Preheat your oven to 450 F.

Add sea beans to 2 quarts of boiling water and cook for 1 minute. Drain, cool in ice water, and then pat dry on paper towels.

Drain the clams, but keep the clam juice.

Dry the fish fillets with paper towels then sprinkle them with the salt and pepper.

Using an ovenproof skillet, brown both sides of the fillets in olive oil in the heated pan. Once both sides are browned, slide the skillet into the oven and let the fish roast for about 10 minutes.
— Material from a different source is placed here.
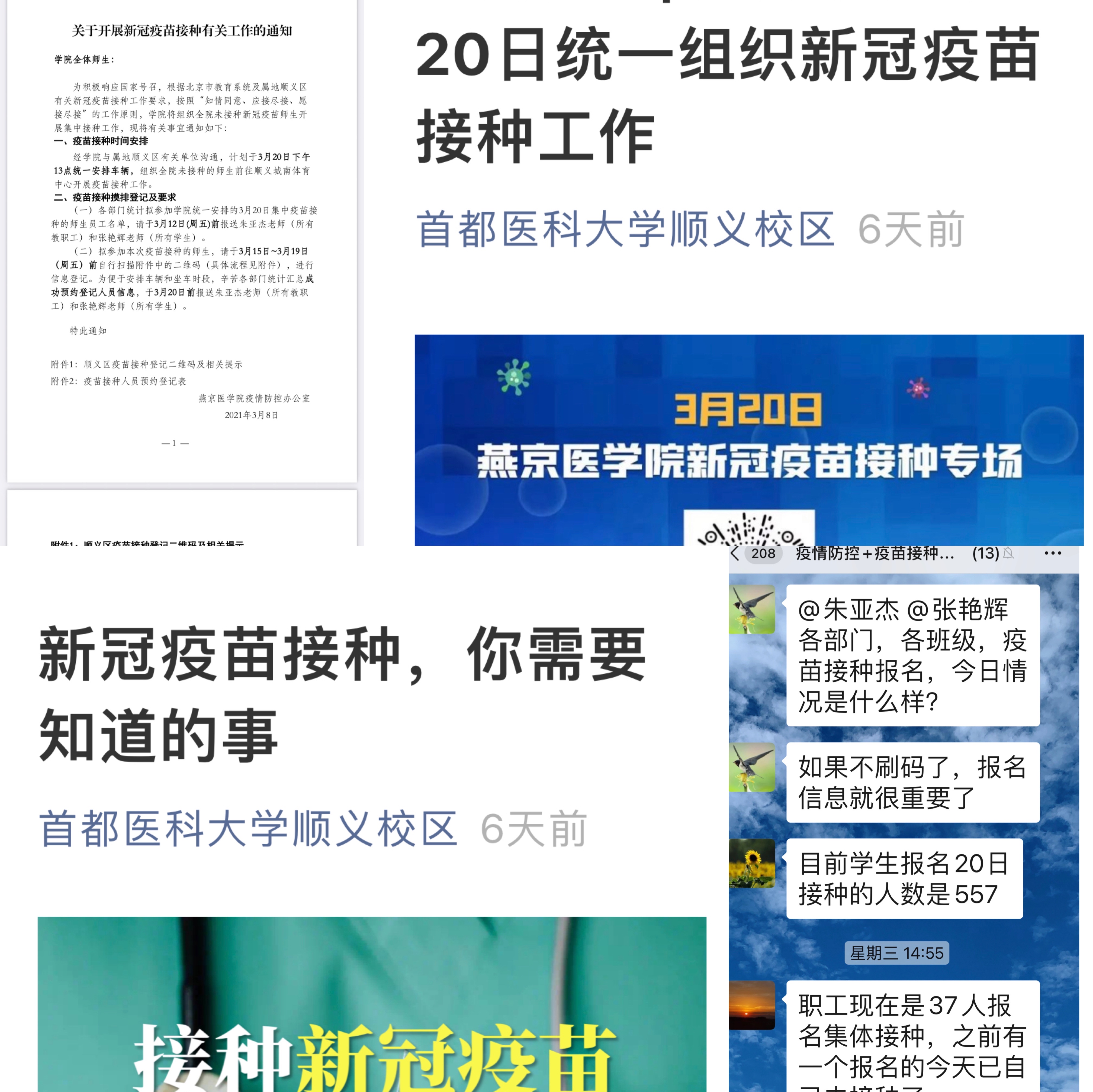 为确保新冠疫苗接种工作顺利进行,嗨皮漫画 2月份成立新冠疫苗接种工作小组,嗨皮漫画 办公室、卫生健康室、人事办公室和学生办公室等相关部门建立联动协调机制,全面细致地做好调查摸底,制定疫苗接种工作方案,召开嗨皮漫画 疫苗接种工作部署会,做实做细相关工作。

While the fish is in the oven, sauté the shallots in the butter until they are just soft. Put in the clam juice and lemon juice and bring to a gentle, simmering boil. Now add the clams, cover the skillet, and cook for another 2 minutes over a low/moderate heat. Remove from heat.

Arrange the halibut fillets on plates and surround them with sea beans, clams, and sautéed shallots.

Enjoy.

 

Sea Bean Side Dish: Sea beans gathered or purchased during summer and early fall, will be much more palatable than those from later in the year – as the year wears on, sea beans will become fiberous as they begin to flower. When the tips become red you’ll know sea beans are beginning to flower and go out of season. Although still edible, they wont be as good.

·      2 to 3 cups of fresh sea beans, cut or broken into pieces

·      1 to 2 cloves of garlic, chopped

·      3 to 4 tbsp. of butter

Melt the butter in your skillet over a medium-high heat, taking care not to burn the butter.

Add the sea beans, stirring constantly, and then the chopped garlic.

Sauté the sea beans and garlic until they become tender then remove the skillet from the heat.

Serve as a side dish with your favorite ocean fish.  

 

Sea Beans Are Good for You

In addition to tasting good, sea beans also provide quite a few nutritional benefits and supply the following:

·      Vitamin A

·      B Vitamins

·      Vitamin C

·      Iron

·      Calcium

·      Iodine

·      Bioflavonoids

Using sea beans in your cooking will not only add a new dimension to the flavor of your meals, but will also provide you with a number of healthy benefits.